EXERCISE ▸
The lines below from the one with "в голяма зала." up to and including the one with "La sala principale" are what you should set down, exactly and without pictures.

★ ★ ★ ★ ★

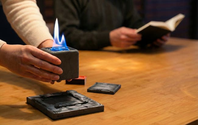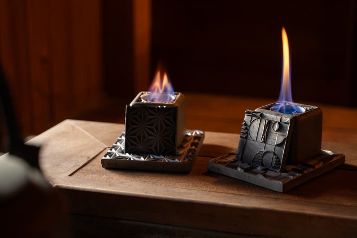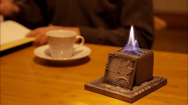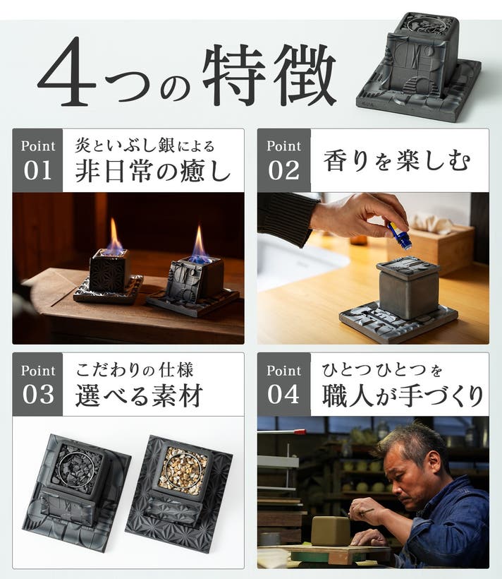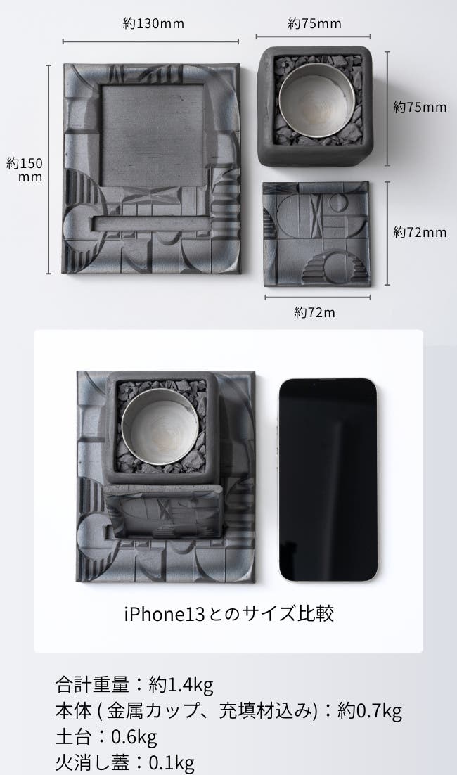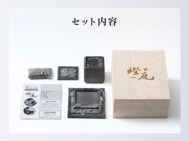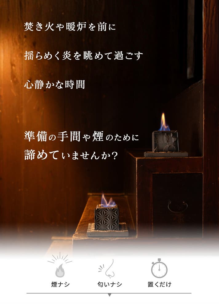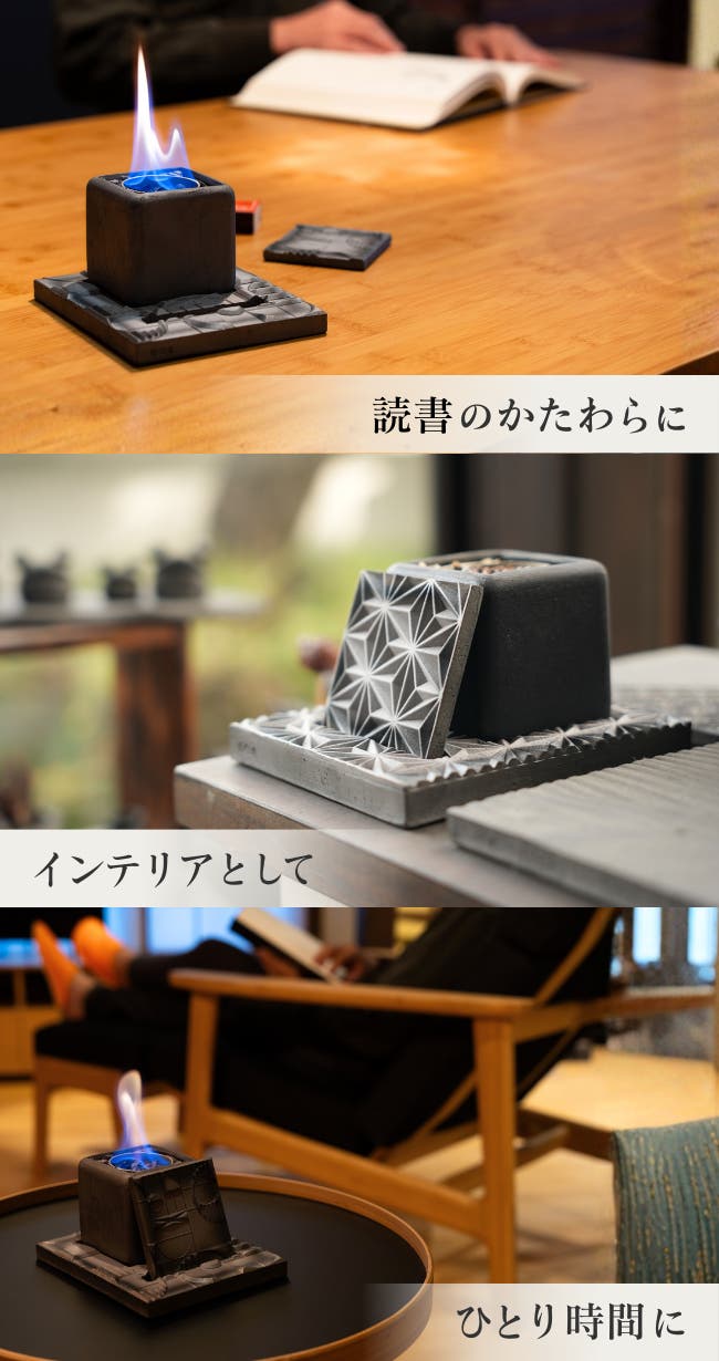 燃焼中も本体は暖かくなる程度なので手で触れられます。伝統の素材を活かしながら、火傷の防止に配慮した設計です。
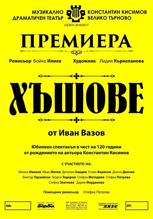 Спектакълът „Хъшове” по мотиви от повестта „Немили-недраги” на Иван Вазов е най-новото заглавие в афиша на Музикално-драматичния театър „Константин Кисимов” във Велико Търново. Спектакълът е посветен на 120-годишнината на патрона на театъра, който е роден на 16 април 1897 г. в старата столица. Премиерата е на 19 април от 19 часа в голяма зала.
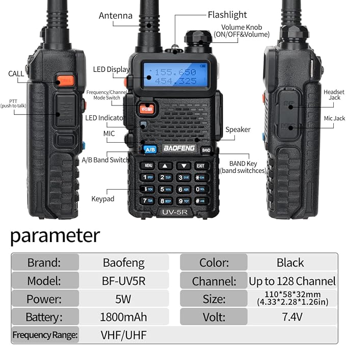 - ▶【Multifunction】Up to 128 memory channels;104CDCSS;50CTCSS;Dual-Band display; Dual-standby; Bulit-in LED flashlight; VOX function; monitor;Low battery alert;Scan function;Support manual or PC programming;Tri-color background light selectable: Large LCD Display;Easy to operate.
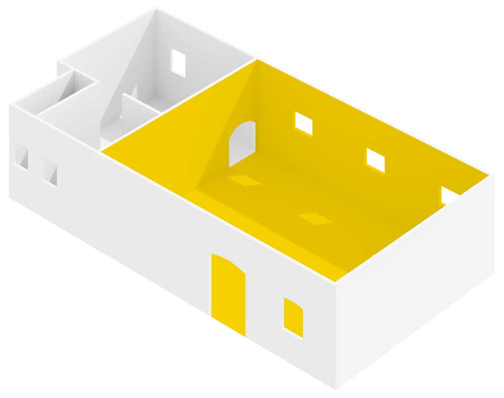 La sala principale è attrezzata con luci, stativi, cavalletti e fondali per la realizzazione di due set in contemporanea. Dispone di una zona magazzino per lo stoccaggio di props e attrezzature, camerino e bagno.
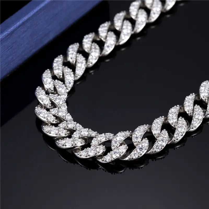Turn heads and elevate your style with Ecogemma's signature Cuban link chain—where luxury meets conscience. Crafted from premium 925 sterling silver and encrusted with high-grade moissanite stones, this 10mm wide necklace delivers unmatched brilliance and boldness in every link.

★ ★ ★ ★ ★

TASK SOLUTION ▸
 Спектакълът „Хъшове” по мотиви от повестта „Немили-недраги” на Иван Вазов е най-новото заглавие в афиша на Музикално-драматичния театър „Константин Кисимов” във Велико Търново. Спектакълът е посветен на 120-годишнината на патрона на театъра, който е роден на 16 април 1897 г. в старата столица. Премиерата е на 19 април от 19 часа в голяма зала.
 - ▶【Multifunction】Up to 128 memory channels;104CDCSS;50CTCSS;Dual-Band display; Dual-standby; Bulit-in LED flashlight; VOX function; monitor;Low battery alert;Scan function;Support manual or PC programming;Tri-color background light selectable: Large LCD Display;Easy to operate.
 La sala principale è attrezzata con luci, stativi, cavalletti e fondali per la realizzazione di due set in contemporanea. Dispone di una zona magazzino per lo stoccaggio di props e attrezzature, camerino e bagno.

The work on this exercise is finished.